There’s something tantalizing about this approach: one the one hand, we can actually see the composition of the factorial working out nicely, but on the other hand, we have the write fact3 in terms of fact2, and we only get the result when we call the appropriate factN with exactly n otherwise the computation "goes Boom!".

3.3 Please Repeat Yourself!

Let’s consider fact0 0, which as we have seen expands to f (error) 0, and insert the definition of f as an anonymous function. (Note that I have replaced the explicit match expression with the more succinct, but completely equivalent, F# syntax)
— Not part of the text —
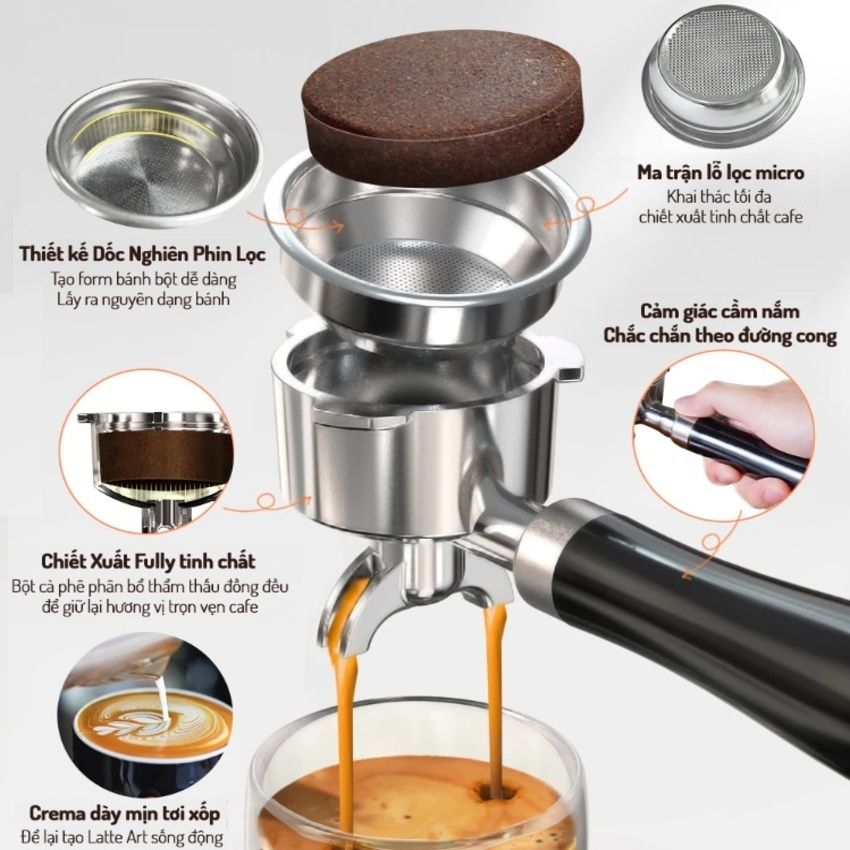 - Bộ phụ kiện bao gồm: 1 thân máy, 3 phin lọc inox, 1 tay cầm tiêu chuẩn 51mm, 1 thìa múc kiêm nén, 1 sách HDSD

The following expression should evaluate to 1

(fun omega ->
    function
    | 0 -> 1
    | n -> n * omega(n - 1)
) (error) 0

Let us put a wrapper function around this, which curries in error but takes the anonymous function as its argument. Again, this rewrite is entirely equivalent.

(fun x -> x error)
    (fun omega ->
        function
        | 0 -> 1
        | n -> n * omega(n - 1)
    )
    0

What we’ve done here is created a “runner function” which takes a function x and then calls it with error. We then pass in a “workload function” to compute the factorial in as the value of x.
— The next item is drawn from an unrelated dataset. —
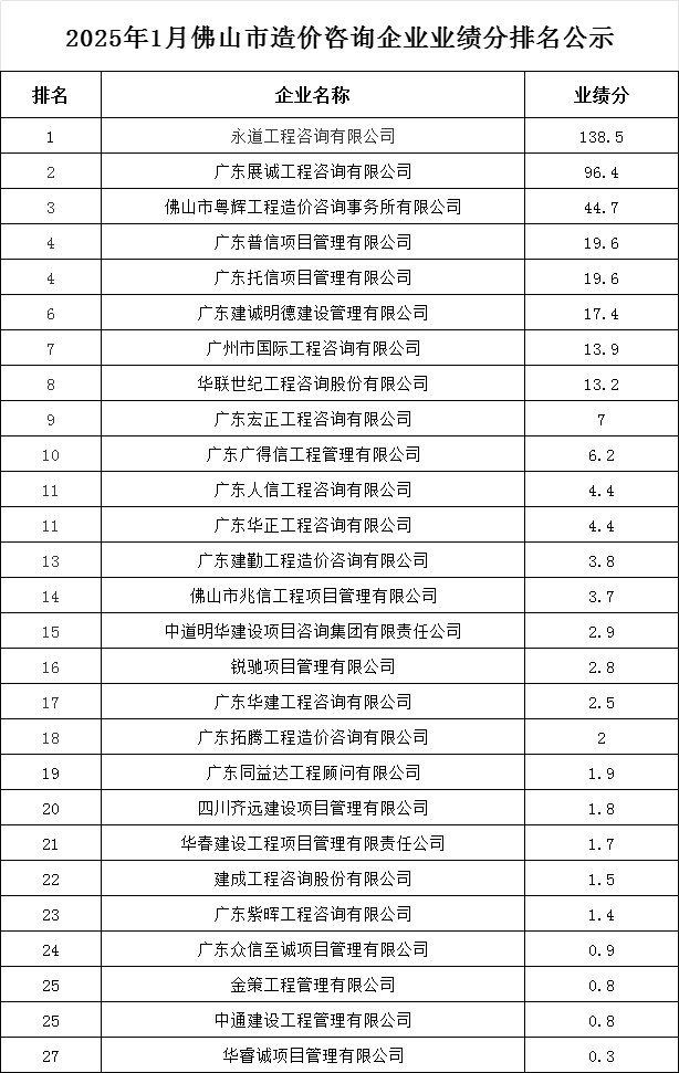 转发 | 2025年1月佛山市造价咨询企业业绩分排名公示

The behaviour before and after the rewrite is identical. Both these functions work for 0 and blow up for 1 just as we expect.

Now, instead of explicitly writing out fact0, fact1, fact2 and so on as before, we could just do repeated invocations of x in the runner function:

(fun x -> x(x(x(x(error)))))
    (fun omega ->
        function
        | 0 -> 1
        | n -> n * omega(n - 1)
    )
    3 // succeeds
    // 4 // fails

This is actually a kind of cool rewrite. We’re passing in the behaviour we want to be repeatedly performed as an argument to some runner function that does the repetition. That is, we’ve separated out the concerns of doing repetition and computing the factorial into two separate pieces.
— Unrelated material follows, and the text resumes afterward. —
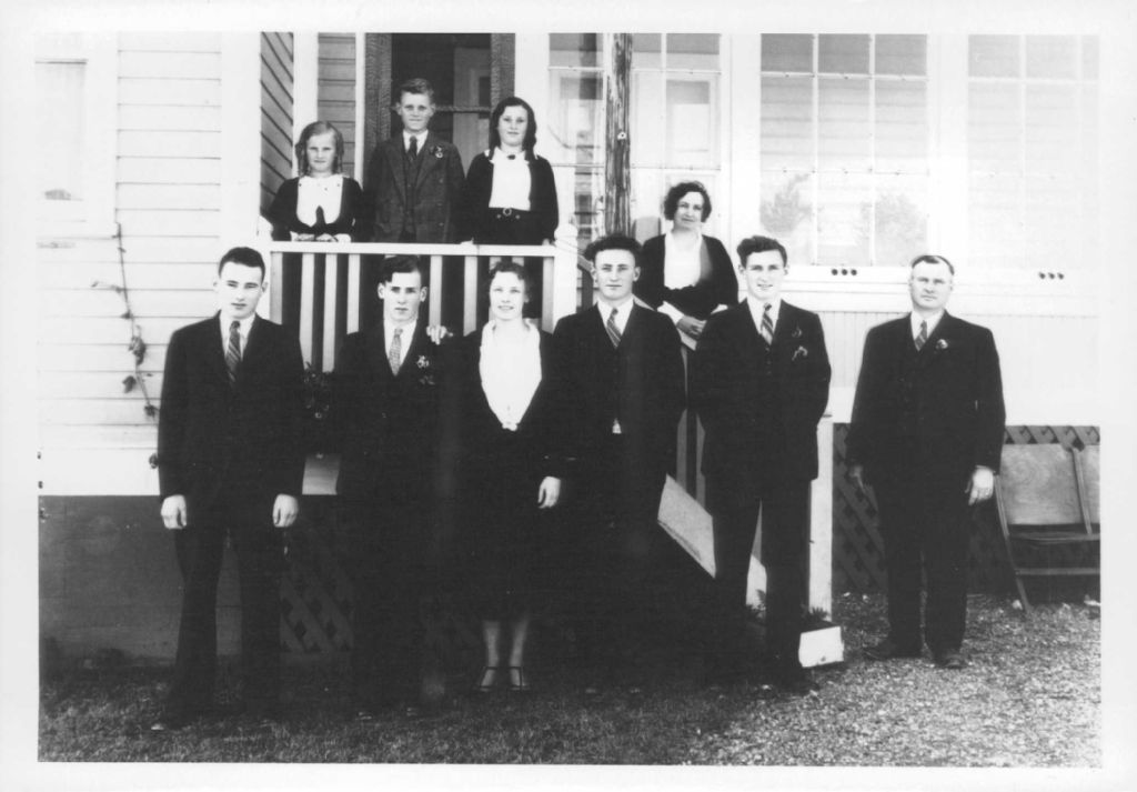 - Photographie de la famille Charlebois devant une maison (probablement sur la rue Noranda, aujourd'hui rue Mgr Tessier). En haut, de gauche à droite : Hélène, Francis Napoléon, Marie-Claire, Clarisse-Marie Brasseur. En bas, de gauche à droite: Eddy, Philippe E., Edna Dubois, Clarence, Don, Edouard Charlebois

Now we observe that factN - or its anonymous equivalent - produces the correct value when it is invoked with N. By seeing how the functions get evaluated, we realize that this is the only way to get to fact0 0, in which case the terminal branch of the match occurs and the error function is not called.

Now all we need to do is to invoke x the correct number of times automatically, and since we’ve separated out concerns, we may only need to do this once for any and all repetitive work we want to do!

Before we figure out how to do that, let’s step back and learn a few more concepts, and then return to this problem!

4 The Lambda Calculus

Because we’ve been working so far with F#, which is a Turing-complete language with recursion primitives, it would seem that it is completely fair to criticise our efforts as unnecessary. Recursion already exists in the language.

So let’s actually learn a tiny little language that has none of these conveniences and get a better sense of the power of this approach. Let’s consider the most foundational of such languages - Lambda Calculus - which has none of the various concepts that traditionally seem inseparably linked to programming and programming languages, such as:

[❌] Variables
[❌] Names and Assignment
[❌] Increment/Decrement
[❌] Test-and-Branch
[❌] GOTO
[❌] Loops
[❌] Booleans, Integers, Strings or any Types

Anyone who’s starting programming with something close to silicon - say on a microprocessor - would, justifiably, be entirely skeptical that a useful, if not Turing-Complete, language could be possibly be built without any of these primitives.

However, the Lambda Calculus is provably Turing Complete even though it only includes the following two concepts:

[✅] Function Definition
[✅] Function Application

Let’s work with just these two concepts and try to synthesize recursion before returning to expressing it in F#.

4.1 Lambda Calculus (The Absolute Shortest Ever Explanation)

The simplest function of all is one that takes an argument and returns it. That’s it.

We write such a function in the lambda calculus as λx.x. In this notation, the λ denotes the definition of an anonymous function, the x (and other symbols) to the left of the . refer to the formal parameters of the function, and the expression to the right of the . is the body of the function. In this example, we take an argument to this anonymous function and return it - the quintessential identity function.

As is immediately obvious, the x really has no implicit significance in the above form - it’s just a symbol. The form λy.y is absolutely identical. So we are free to rewrite any lambda by renaming all occurrences of a symbol with a different symbol that has not been used before. You may run into this in the literature as the α-conversion rule, and it is handy to resolve name collisions when you’re working with a lot of composed forms.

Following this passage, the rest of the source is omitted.